14. The catalytic cracking catalyst according to claim 7, wherein the zirconium-containing compound is selected from one or more of zirconium tetrachloride, zirconium sulfate, zirconium nitrate, zirconium oxychloride, zirconium acetate and zirconium isopropoxide;

the carbon source is one or more selected from starch, lignin, viscose, methylcellulose, hydroxypropyl methylcellulose, hydroxyethyl cellulose and carboxymethyl cellulose;

The aluminum source is selected from one or more of pseudo-boehmite, aluminum hydroxide and aluminum oxide;

the silicon source is selected from one or more of silica sol, silica gel and water glass;

the first solvent and the second solvent are respectively and independently selected from one or more of deionized water, ethanol and acetone;

the acid solution is one or more selected from hydrochloric acid solution, sulfuric acid solution, nitric acid solution, phosphoric acid solution, formic acid solution, acetic acid solution, oxalic acid solution and citric acid solution.

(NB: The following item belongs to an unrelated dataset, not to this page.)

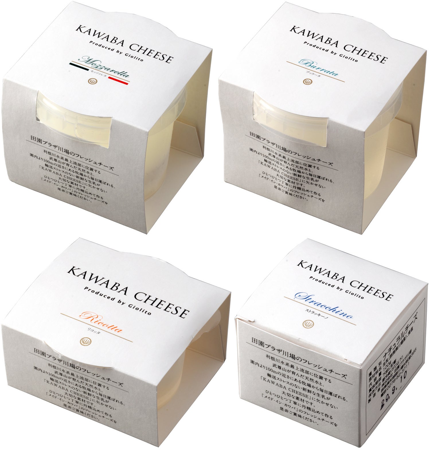 製造に欠かせない水も、武尊山が育んだ天然水を使用。日本で作る、本場イタリアのフレッシュチーズ「モッツァレラ」「ブッラータ」「リコッタ」「ストラッキーノ」の4種類を是非お試しください。

15. The catalytic cracking catalyst of claim 7, wherein the first drying temperature is 80-200 ℃; the temperature of the first roasting is 300-700 ℃ and the time is 0.5-5 hours.

16. A process for preparing the catalytic cracking catalyst of any one of claims 1-15, the process comprising: mixing the Y-type zeolite, the beta zeolite, the ZSM-5 zeolite, the silicon-aluminum-zirconium composite oxide, the clay, the binder and a third solvent, granulating the obtained third slurry, and performing second drying and/or second roasting.

17. The method of claim 16, wherein the third slurry has a solids content of 15-60 wt% based on the sum of silica, zirconia and alumina;

The third solvent is deionized water and/or deionized water.

18. The method of claim 16, wherein the second drying temperature is 60-200 ℃; the temperature of the second roasting is 350-650 ℃ and the time is 0.5-5 hours.

19. Use of a catalytic cracking catalyst according to any one of claims 1 to 15 in the catalytic cracking of heavy oils.